Introducing the Geophysics-Informed Neural Network (GINN)
To overcome these challenges, researchers have proposed a novel approach: the Geophysics-Informed Neural Network (GINN). This innovative deep learning architecture uses a Deep Convolutional Neural Network (DCNN) to simultaneously achieve two critical goals: generate a surrogate for the PSF and predict the acoustic impedance (IP). Acoustic impedance is a fundamental property that helps characterize subsurface rock formations.
The GINN works by embedding a 2D convolutional seismic modeling process directly into its pipeline. Here’s how it generally functions: the network takes real seismic amplitude data as input. It then generates estimates for reflection coefficients (RC) and PSFs. These generated RCs are then convolved (a mathematical operation similar to blending) with the generated PSFs to simulate seismic amplitude data. This “modeled” seismic amplitude is then compared to the original “true” seismic amplitude. The difference between the two forms a “loss function,” and by minimizing this error through a process called backpropagation, the GINN iteratively refines its internal weights to produce better estimates of both RCs and PSFs that closely match the observed seismic data.

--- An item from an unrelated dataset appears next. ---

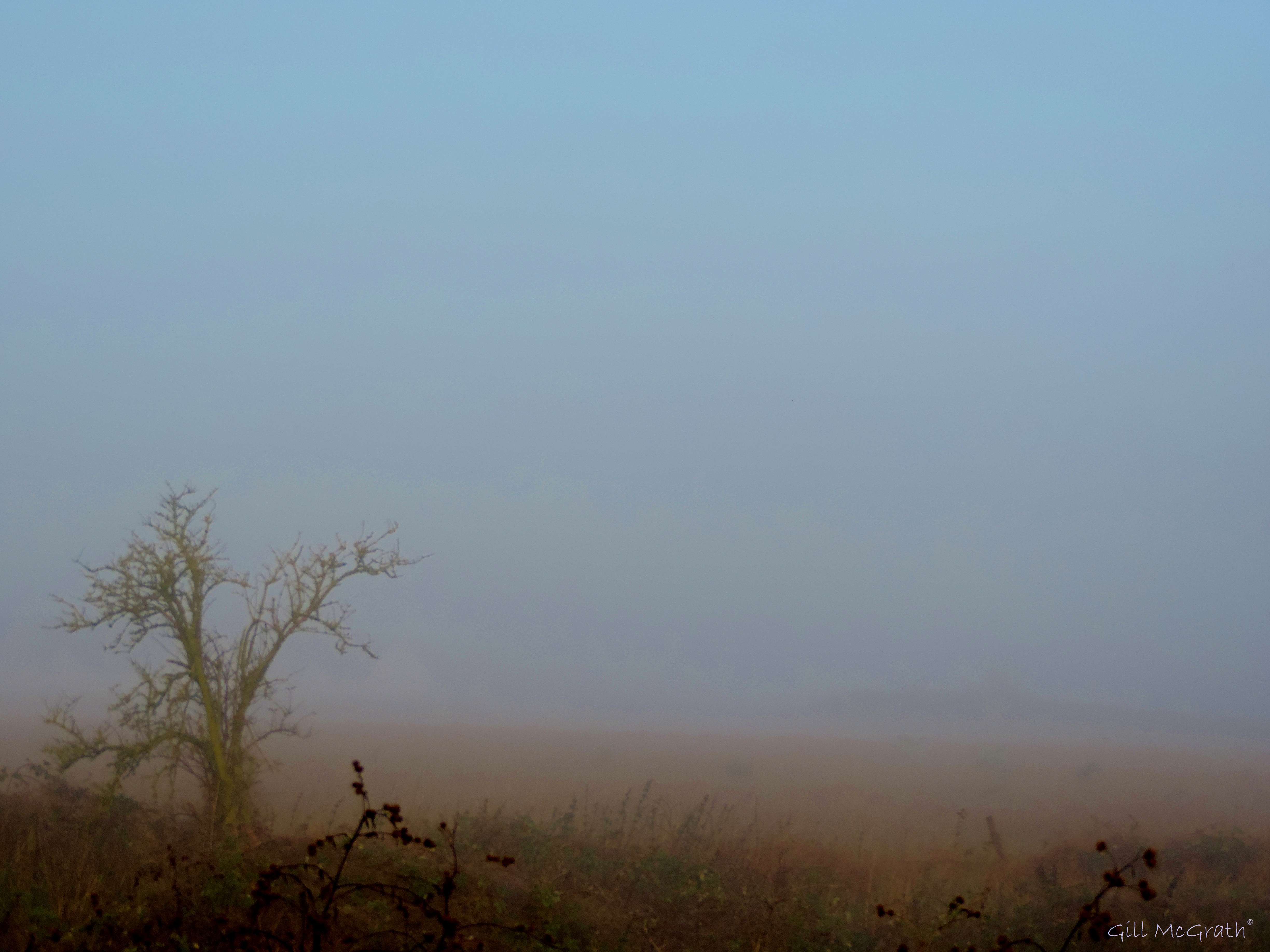 Now an Autumn Desert on the hill a mirage an illusion where rolling mists reveal a leafless tree close to a new horizon and an even wider space for dreams Gill McGrath© 9.00am this morning (that was cold!) Share this: Click to share on X (Opens in new window) X Click to share on Facebook (Opens in new window) Facebook More Click to email a link to a friend (Opens in new window) Email Like Loading... Related

Unlike some other physics-informed neural networks that embed explicit physical laws directly into their loss functions, the GINN incorporates convolutional seismic modeling processes that are deeply rooted in geophysical principles. This tailored integration of seismic inversion principles and deep learning techniques is why it’s termed a Geophysics-Informed Neural Network.
How the GINN Was Developed and Trained
For their experiments, the researchers used synthetic data derived from the SEAM Phase I Earth Model, a widely recognized benchmark for seismic inversion due to its realistic representation of complex subsurface structures like salt bodies and faults. The input to the GINN included Reverse Time Migration (RTM) seismic amplitude images and additional positional information for each pixel, helping the network account for variations related to depth and lateral position.
A crucial aspect of the training involved incorporating low-frequency impedance (LF-IP) information. Seismic data naturally lacks low-frequency content, which is vital for reconstructing absolute impedance contrasts. By including LF-IP, the GINN can produce more complete and accurate impedance estimations.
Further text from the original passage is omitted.